Кажется, он приобрел новый синдром.
НЕДОСТАЮЩИЙ КОМПОНЕНТ
От предка чубатого, куренного кашевара Лаврентия, унаследовал
Манюнчиков Павел Лаврентьевич многие фамильные склонности. В частности,
счастье для Манюнчикова состояло из трех основных компонентов:
- Во-первых, испытывал Павел Лаврентьевич тягу неодолимую к горилке с
перцем, которую сам же на стручках огненных и настаивал, государству в
деле этом важном справедливо не доверяя.
- Во-вторых, после стартовой стопки, двигал умиленный Манюнчиков к
душе поближе миску с пузатыми варениками, горячими еще, и чтоб сметана
обязательно...
А вместо третьего, решающего компонента, речь о котором после пойдет,
пришлось Павлу Лаврентьевичу к телефону брести, и звоном погребальным
отдалось услышанное в гулких сводах Манюнчикова черепа: "Командировка...
Срочно... Бекдаш... Химзавод..."
Вот почему в единственной полутораэтажной гостинице Бекдашского
райисполкома (по причине сгоревших лампочек мутировавшего в "РАЙ И КО") -
вот почему на продавленной никелированной койке лежал небритый гражданин,
чем-то похожий на Манюнчикова Павла Лаврентьевича; и спал гражданин если
не как убитый, то уж наверняка как тяжелораненый.
О, Бекдаш! Сады твои полны жасминовым ароматом, озера твои манят
голубой прохладой, чинары твои...
Впрочем, несмотря на слог Востока, где любой сапожник красноречивей
Цицерона, честно признаемся: ни садов, ни озер, ни, тем более, чинар в
Бекдаше не наблюдалось. А были там чахлые акации, вездесущий, лезущий в
глаза и рот песок, и книги в свободной продаже, по давно забытой
государственной цене.
Книг на русском здесь почти не читали, да и в разговорах многие
старались обходиться лишь самым необходимыми русскими словами, редко
попадающими в печатные издания. Потому-то и удалось Павлу Лаврентьевичу,
погрузившемуся в полумрак книжного магазинчика местного издательства "Еш
Гвардия", приобрести несколько томиков дефицитных, в том числе и
сюрреалистическую поваренную книгу - с реализмом картошки и сюром семги
свежекопченой.
Сунул довольный Манюнчиков в урну нагрузку рублевую - три брошюры
"СПИД - чума человечества" - и на базар отправился.
Ах, рынок Востока!.. Просим прощения - вах, базар Востока!

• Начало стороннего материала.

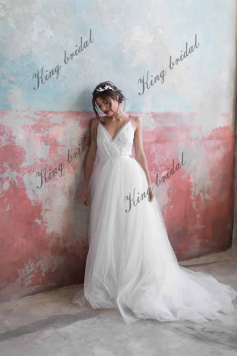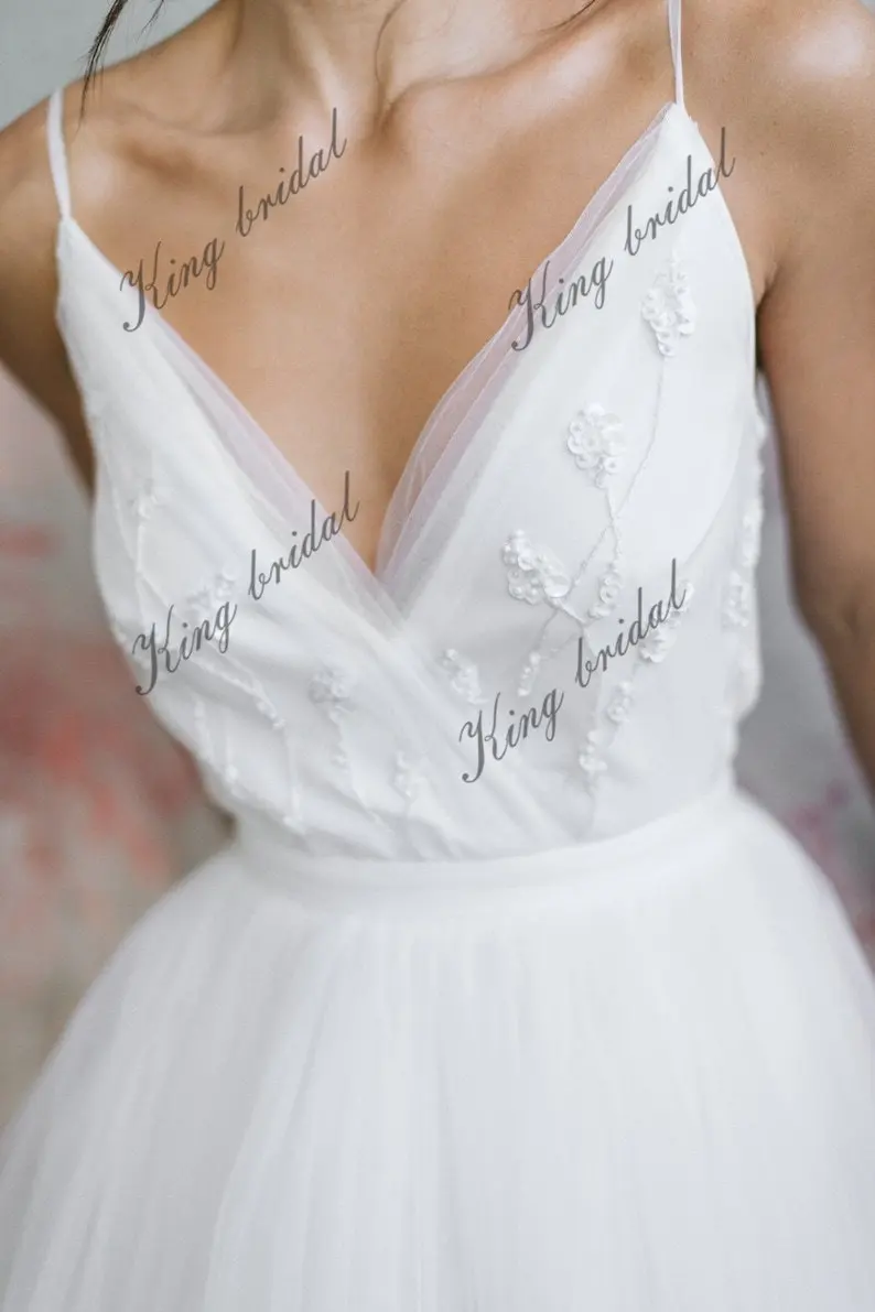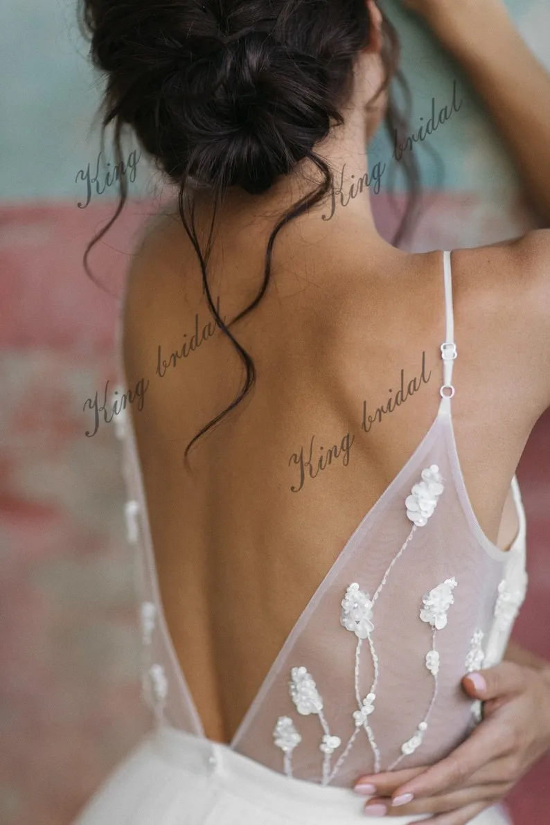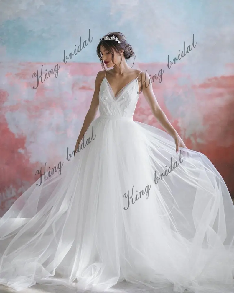 Unser A-Linien-Brautkleid ist mit einer einzigartigen handgefertigten Stickerei verziert. Dieses Meisterwerk besticht durch exquisite Blumenfragmente aus Stickgarn, Perlen und Pailletten, die Vorder- und Rückseite des Oberteils kunstvoll verzieren. Der bezaubernde V-Ausschnitt auf der Vorderseite ist elegant mit drapiertem Tüll verziert und verleiht ihm einen Hauch von Romantik und Raffinesse. Verstellbare Spaghettiträger sorgen für einen bequemen und individuellen Sitz. Der Rock fällt anmutig mit einer langen Schleppe aus mehreren Lagen luxuriöser Seide und Tüll und erzeugt einen atemberaubenden und luftigen Effekt beim Gang zum Altar. Für Ihren Komfort wird das Kleid auf der Rückseite diskret mit einem verdeckten Reißverschluss verschlossen.

Прибежище
и дворец культуры правоверного, где розы алее губ красавицы, дыни желтее
щек скупца, шашлык нежнее пальцев карманного вора, а цены выше
самаркандского минарета...
Так бы и ходил ослепленный Павел Лаврентьевич меж рядами, распустив
павлиний хвост любопытства - но к неудовольствию своему обнаружил он
позади эскорт непонятный, в виде тощего туземца с хитрой азиатской рожей,
на которой красовался чужеродный европейский нос, острый и длинный.
Ох, и не понравился тощий "хвост" свободолюбивому Манюнчикову, да и в
гостиницу пора было возвращаться. Глянул Павел Лаврентьевич на часы свои
дедовские, старинные, фирмы "Победа", - глядь, а туземец уже тут как тут,
рядом стоит, носиком крысиным шмыгает и на часы смотрит с жадностью.

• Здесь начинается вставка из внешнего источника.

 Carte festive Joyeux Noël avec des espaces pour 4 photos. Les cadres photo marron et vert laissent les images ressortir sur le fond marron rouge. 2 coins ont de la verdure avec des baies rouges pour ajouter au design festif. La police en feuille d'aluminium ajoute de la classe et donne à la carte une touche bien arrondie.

- Дай часы, - неожиданно с детской непосредственностью заявил
абориген.
- Половина пятого, - машинально ответил Манюнчиков и устремился к
выходу.
Субъект заколебался, потоптался на месте - и снова тенью пристроился
за спиной Павла Лаврентьевича.
"Тьфу ты, напасть какая!" - огорченно подумал Манюнчиков, пытаясь
обогнуть трех местных жителей, торговавших в базарных воротах. Этот маневр
не удался ему с первого раза, равно как со второго и с третьего. Уголовная
компания прочно загородила дорогу, и центральный Илья Муромец попытался
сложить части помятого лица в дружелюбную гримасу.
- Слышь, мужик, ты б часы-то отдал, - отвязал наконец центральный
верблюда своего красноречия.
- Фиг тебе! - не остался в долгу Павел Лаврентьевич, подтвердив
сказанное "министерским" кукишем.
Агрессоры замялись.
- Ты б не ругался, а? - виновато просипел собеседник Манюнчикова. - А
то мы тово...
- Чего - тово? - неожиданно заинтересовался крайний, до того
молчавший.
- Ну, тово... - в раздумьи протянул Муромец. - Значит, то есть, не
этово...
- Нет, ты уж разъясни! - не уступал любопытный напарник.
- Да чего там разъяснять?.. Тово, и все...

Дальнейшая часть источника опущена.